---------- Data supplied
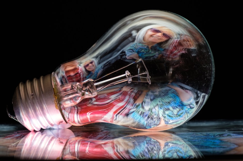 So, we set-up a very Heath-Robinson studio on the floor of the clubhouse using a cushion as a backdrop to take a few images of a rose. All this being projected in real time.
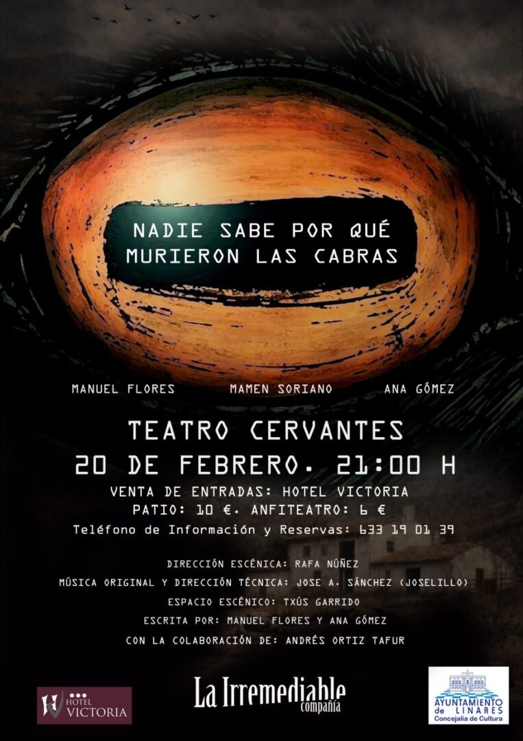 El Teatro Cervantes acogerá el próximo 20 de febrero (21.00 horas) el estreno de ‘Nadie sabe por qué murieron las cabras’, una propuesta escénica que sumerge al espectador en la crudeza del mundo rural y en un clima de suspense psicológico sostenido. La obra, escrita por Manuel Flores y Ana Gómez, bebe del universo narrativo del escritor linarense Andrés Ortiz Tafur para explorar el silencio del mundo rural.
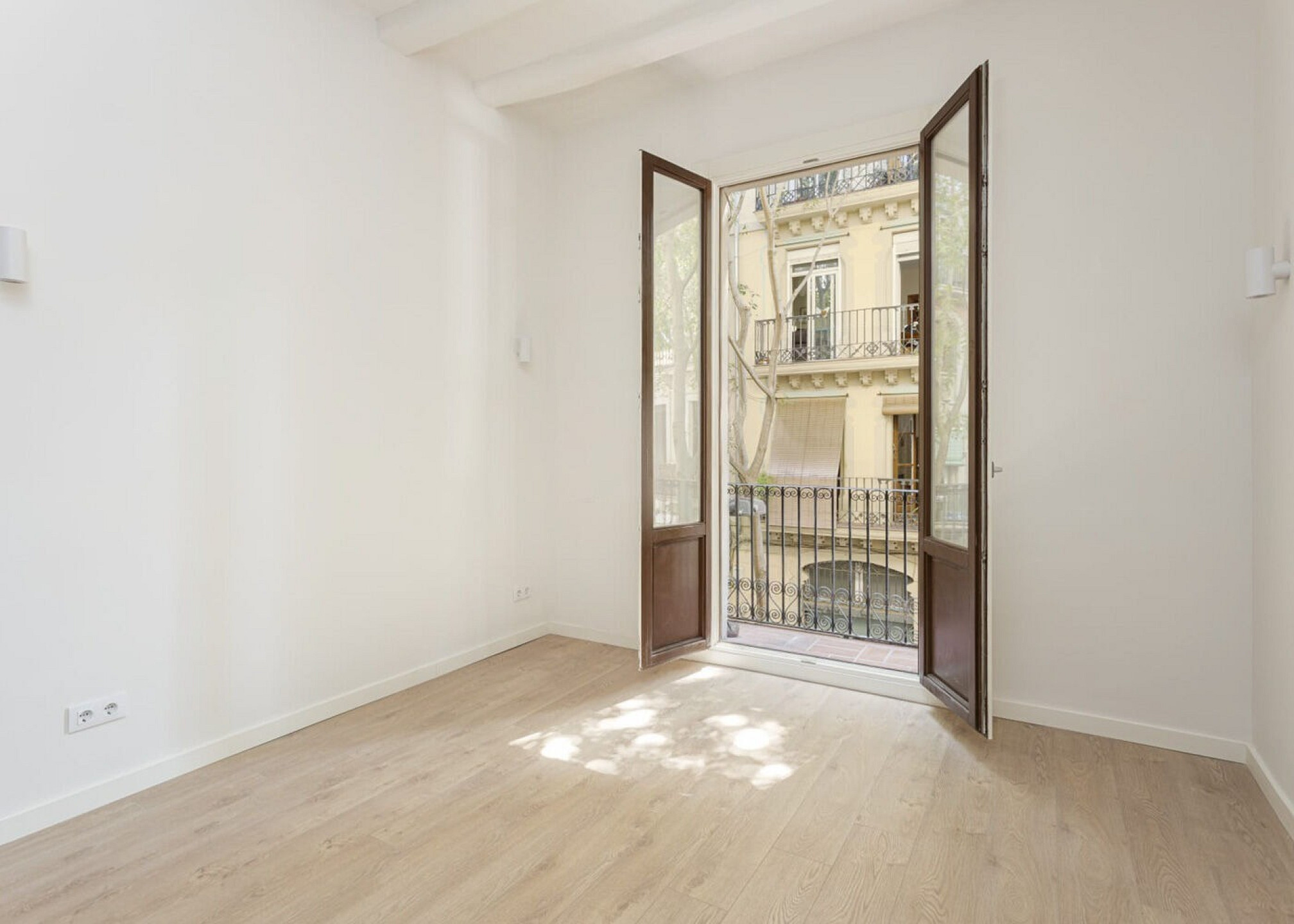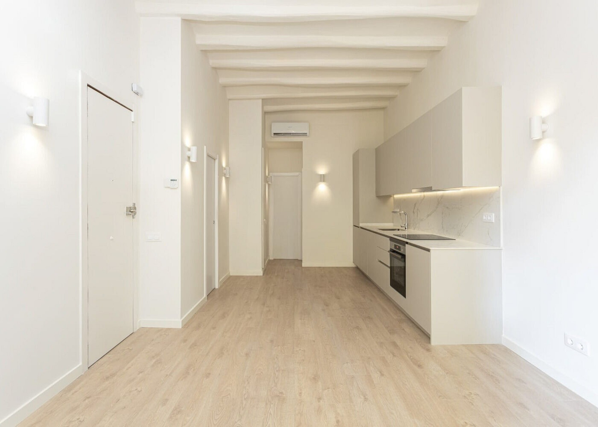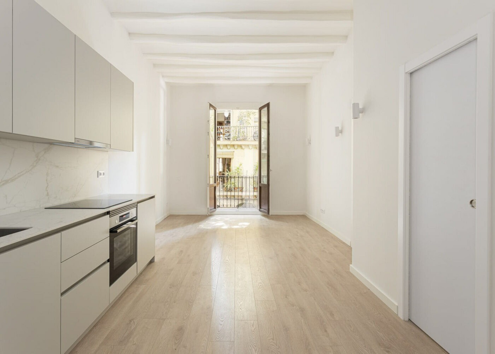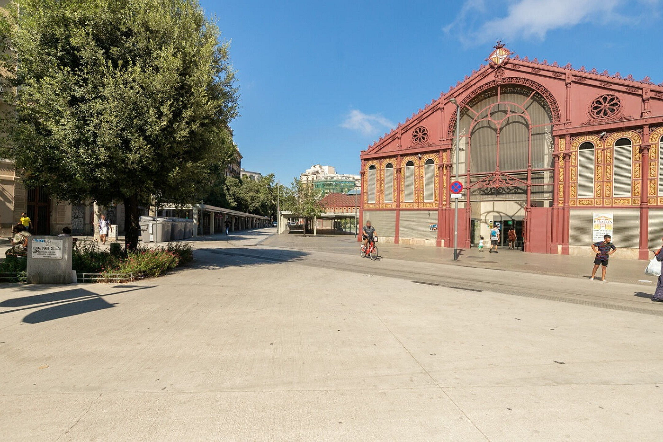Внутри сохранены оригинальные элементы: высокие потолки с каталонскими сводами и открытые деревянные балки, создающие светлую и выразительную атмосферу. Гостиная открытой планировки выходит на балкон с видом на оживлённый район Монжуик.
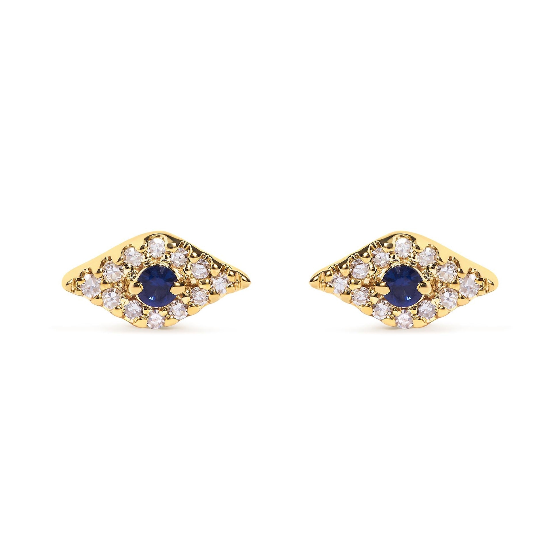10K Yellow Gold Blue Sapphire and Diamond Accent Evil Eye Stud Earring (H-I Color, I1-I2 Clarity)
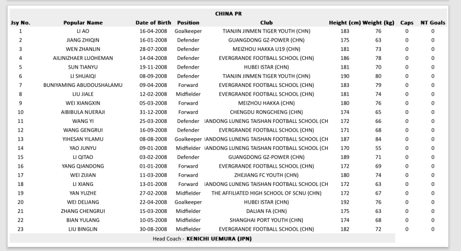 03月29日訊 亞足聯(lián)官方公布U17亞洲杯各隊(duì)23人名單,中國(guó)隊(duì)名單中艾比布拉領(lǐng)銜,魏祥鑫、布尼亞明在列。這支U17國(guó)足由上村健一掛帥,球隊(duì)近期共踢了4場(chǎng)熱身賽,均失利。
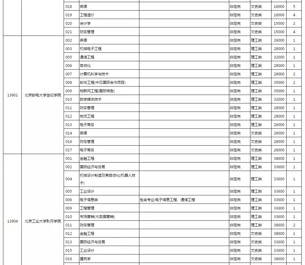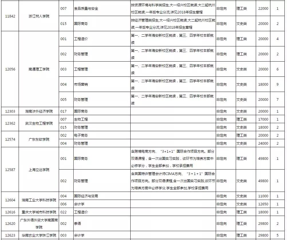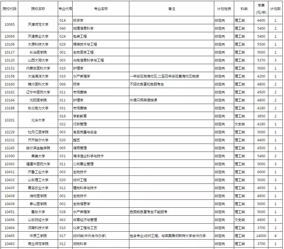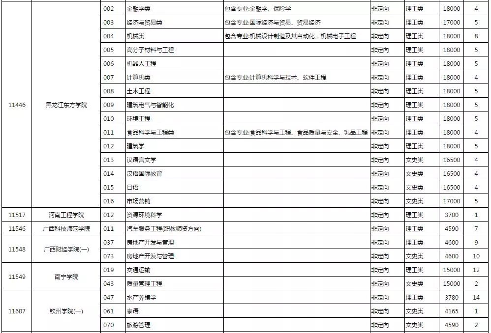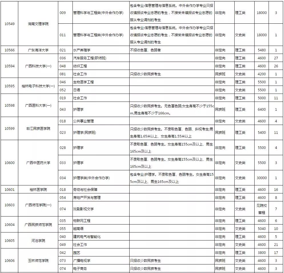 广西2018年普通高校招生本科第二批第二次征集计划信息表
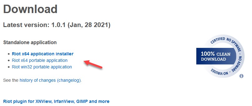 Rendez-vous sur la page https://riot-optimizer.com/download/ et téléchargez (par exemple) la version portable de l’application Riot en cliquant sur le lien Riot x64 portable application :
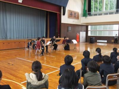 2020年11月5日 18時20分3・4年生は,「きままサクソフォンアンサンブル」の皆さんによるサクソフォンの生演奏を聴きました。事前に児童がリクエストした「猫」や「夜に駆ける」の演奏だけでなく,ディズニーの曲や校歌,音楽の偉人クイズに,最後のアンコールには,鬼滅の刃の「紅蓮華」までとてもたくさんの曲を演奏してくださいました。児童は口ずさんでだり,手拍子をしたりしながら興味津々で演奏を聴いおり,大変有意義な時間となりました。
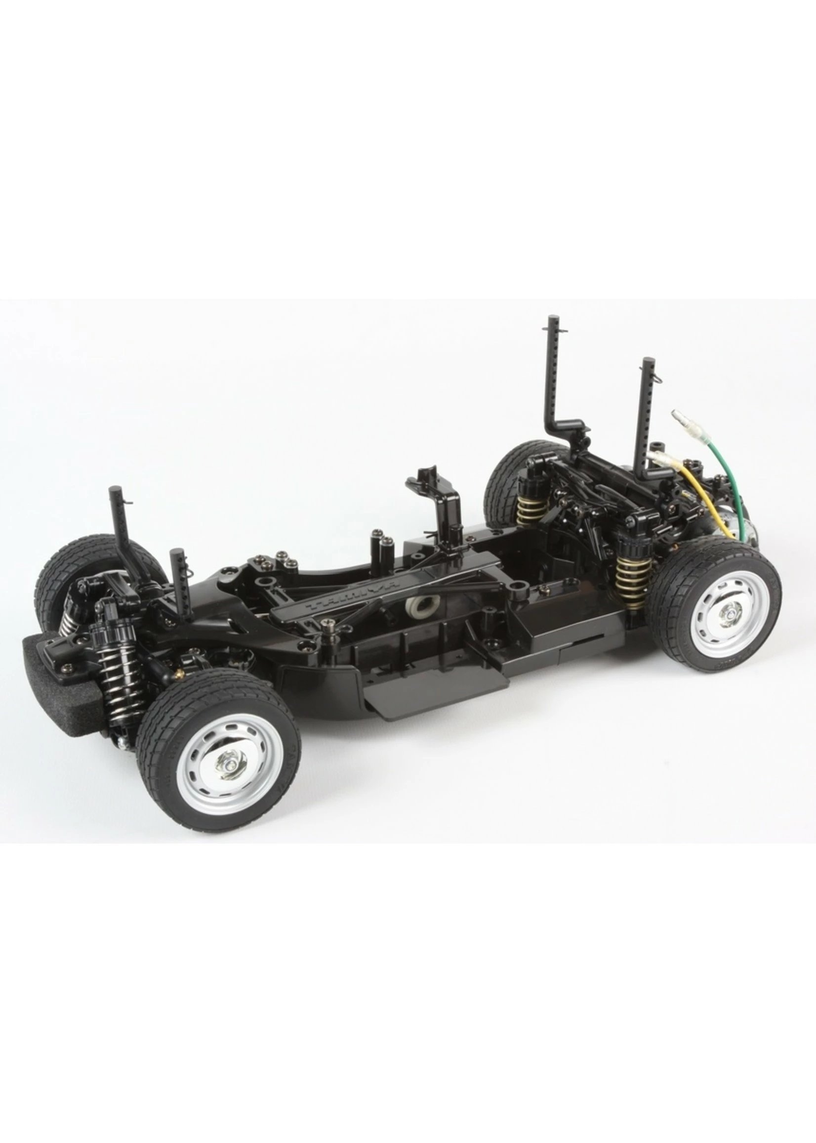 The M-06 chassis features a Rear-Mounted Motor, Rear-Drive setup and features a longitudinally-mounted battery pack, with R/C units positioned on either side for optimum balance and a low center of gravity. 4-wheel double wishbone suspension uses metal-plated wheels exactly like those on the real car, equipped with 60D radial tires at the front and 60D super grip tires at the rear. In addition, a 3-piece steering linkage offers nimble handling response.
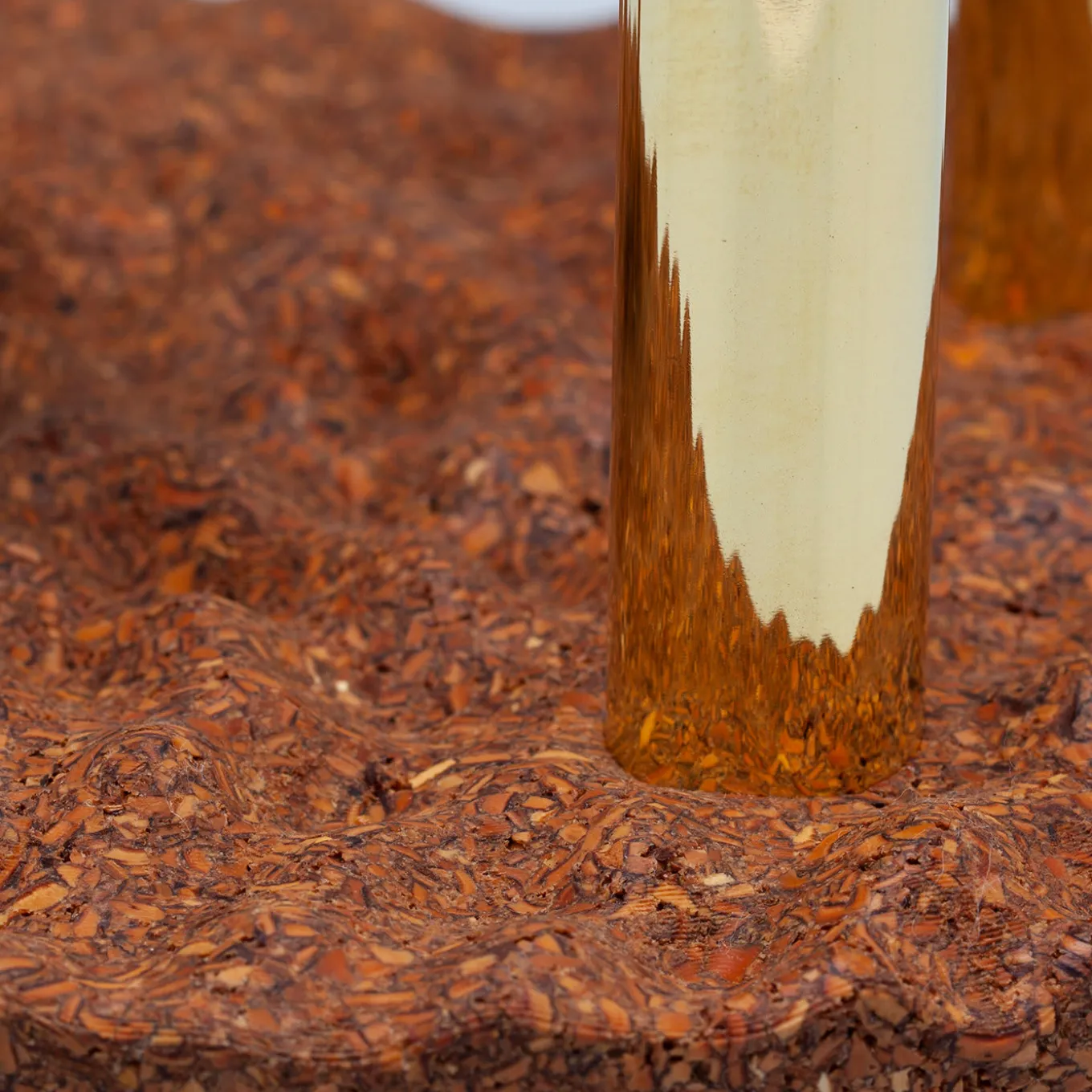 Questa suggestiva scultura di Marta Laudani simboleggia l’essenza primordiale della natura, dove un paesaggio stilizzato di elementi “inanimati” in ottone spuntano come piante da una zolla rappresentata da una base di forma irregolare in Keep Life®. Due piccoli tubi, uno specchio montato con un angolo di 90° su un’asta sottile con una piastra rotonda, sono inseriti nella base rotonda, pronti per essere completati da elementi naturali “vivi” come fiori, pietre e conchiglie.
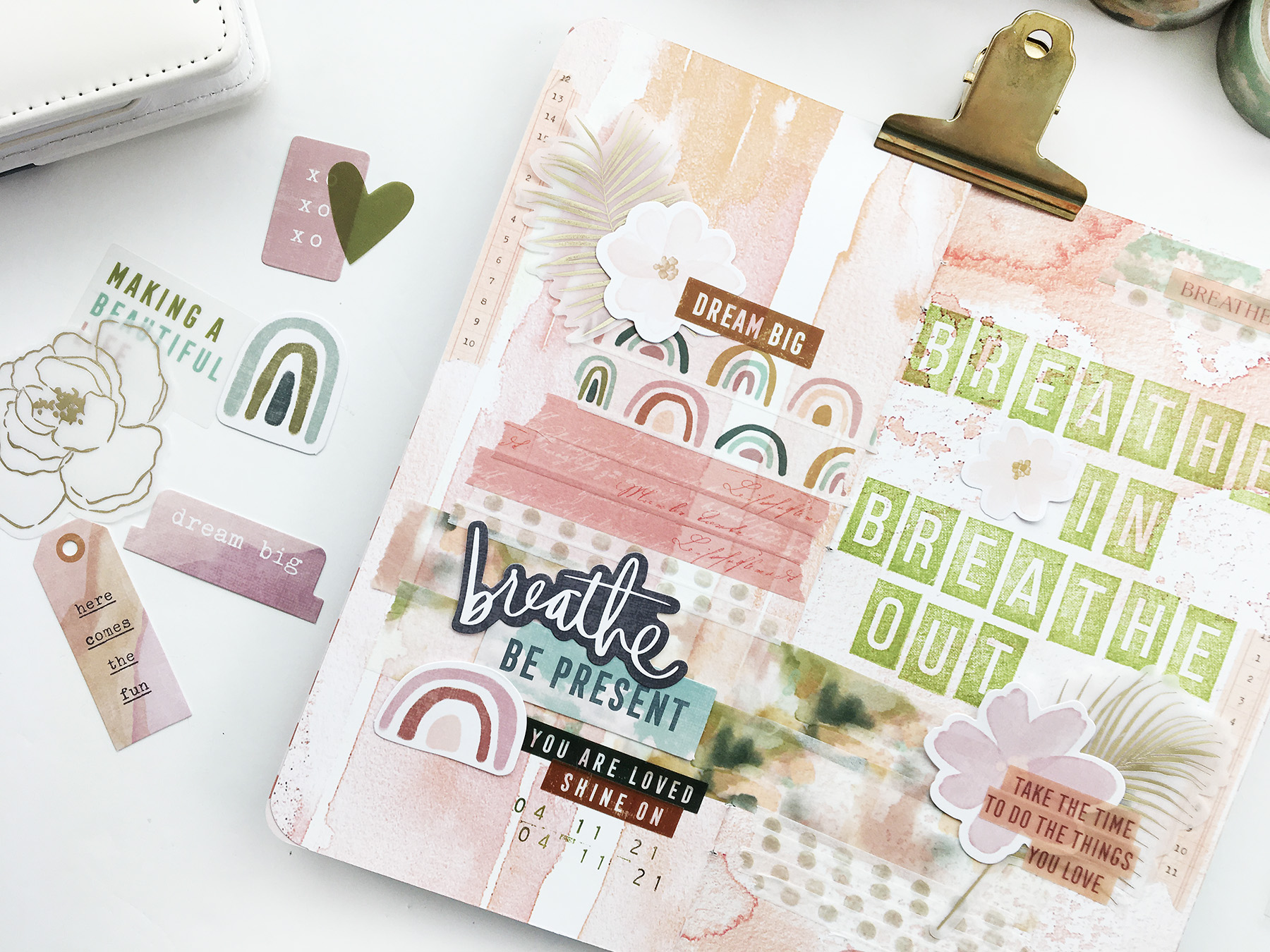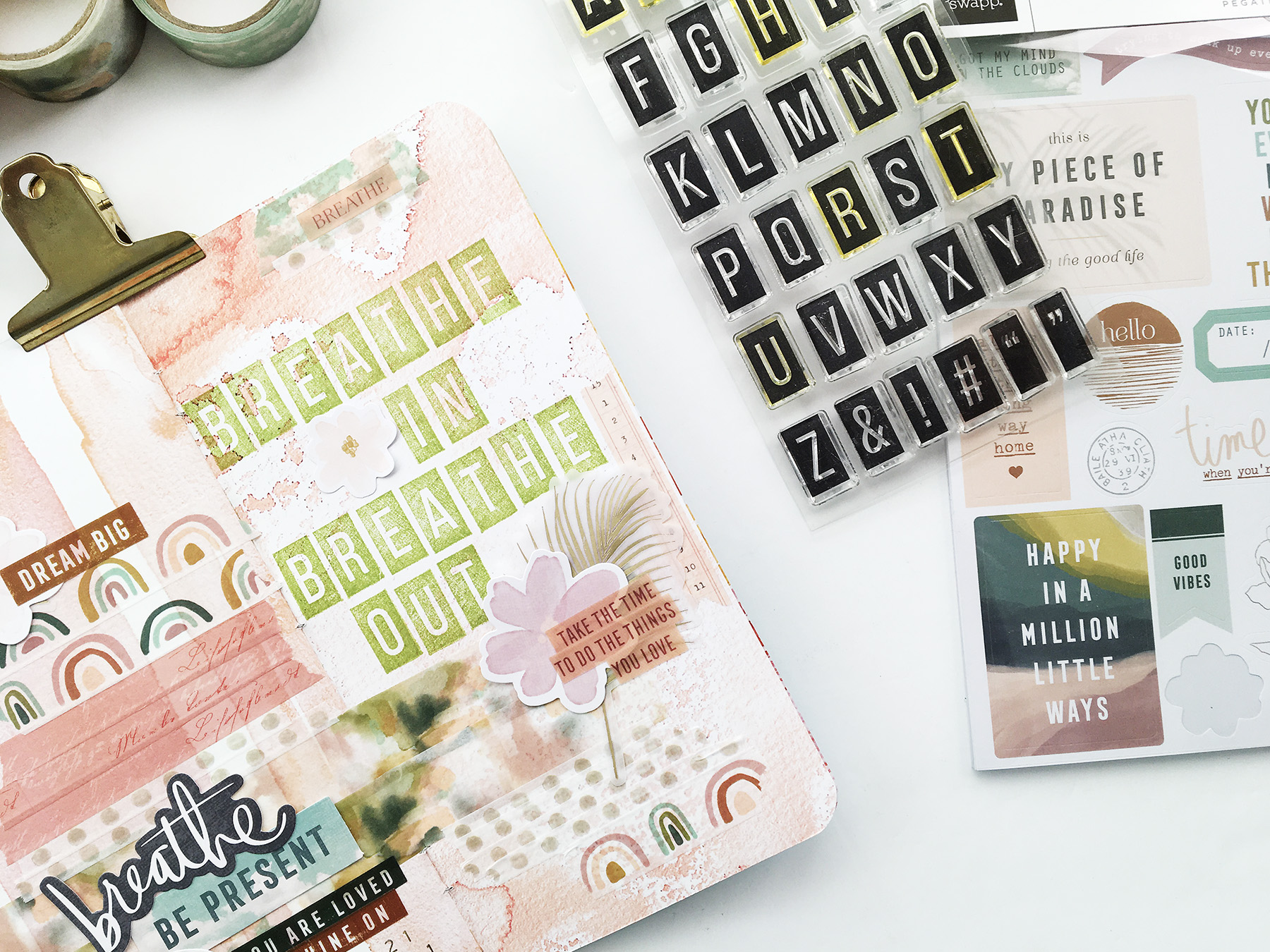 Once all the washi is in place, I found I had a great backdrop for my title and other pretty elements that expressed the meditation in my mind. My stamped title reminded me to breathe in, breathe out, and while you do that, simply listen to the silence. The soft sound of your even breath calms, while hands are busy with paper + adhesive. I also used those gorgeous vellum branches for just a bit of bling.
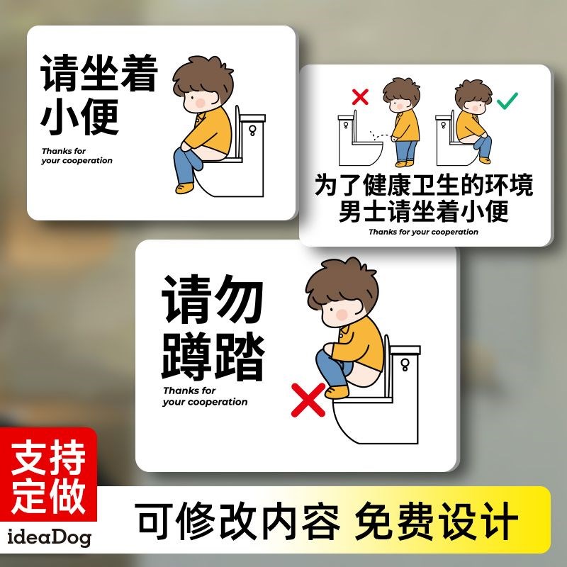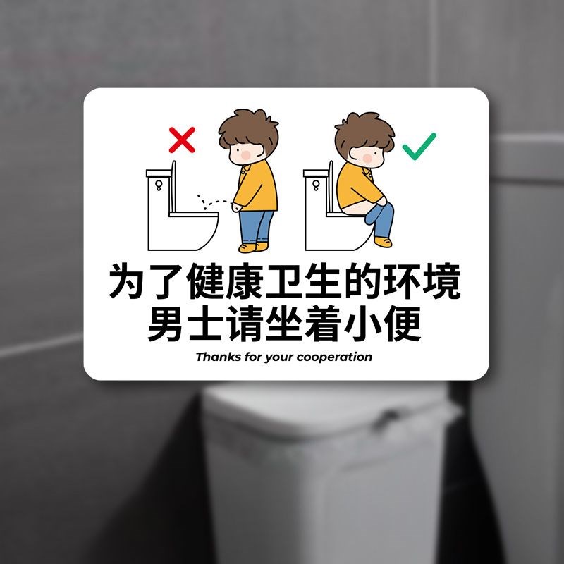 请坐着小便请勿蹲踏提示牌男士请坐着小便别站着尿尿厕所标识语
--------------------
◆ Required action: Could you write out exactly the lines of the data above that run from the one holding "El Teatro Cervantes" to the one holding "2020年11月5日 18時", with both ends in and all pictures out?

◆ Exercise output:
 El Teatro Cervantes acogerá el próximo 20 de febrero (21.00 horas) el estreno de ‘Nadie sabe por qué murieron las cabras’, una propuesta escénica que sumerge al espectador en la crudeza del mundo rural y en un clima de suspense psicológico sostenido. La obra, escrita por Manuel Flores y Ana Gómez, bebe del universo narrativo del escritor linarense Andrés Ortiz Tafur para explorar el silencio del mundo rural.
Внутри сохранены оригинальные элементы: высокие потолки с каталонскими сводами и открытые деревянные балки, создающие светлую и выразительную атмосферу. Гостиная открытой планировки выходит на балкон с видом на оживлённый район Монжуик.
10K Yellow Gold Blue Sapphire and Diamond Accent Evil Eye Stud Earring (H-I Color, I1-I2 Clarity)
 03月29日訊 亞足聯(lián)官方公布U17亞洲杯各隊(duì)23人名單,中國(guó)隊(duì)名單中艾比布拉領(lǐng)銜,魏祥鑫、布尼亞明在列。這支U17國(guó)足由上村健一掛帥,球隊(duì)近期共踢了4場(chǎng)熱身賽,均失利。
 广西2018年普通高校招生本科第二批第二次征集计划信息表
 Rendez-vous sur la page https://riot-optimizer.com/download/ et téléchargez (par exemple) la version portable de l’application Riot en cliquant sur le lien Riot x64 portable application :
 2020年11月5日 18時20分3・4年生は,「きままサクソフォンアンサンブル」の皆さんによるサクソフォンの生演奏を聴きました。事前に児童がリクエストした「猫」や「夜に駆ける」の演奏だけでなく,ディズニーの曲や校歌,音楽の偉人クイズに,最後のアンコールには,鬼滅の刃の「紅蓮華」までとてもたくさんの曲を演奏してくださいました。児童は口ずさんでだり,手拍子をしたりしながら興味津々で演奏を聴いおり,大変有意義な時間となりました。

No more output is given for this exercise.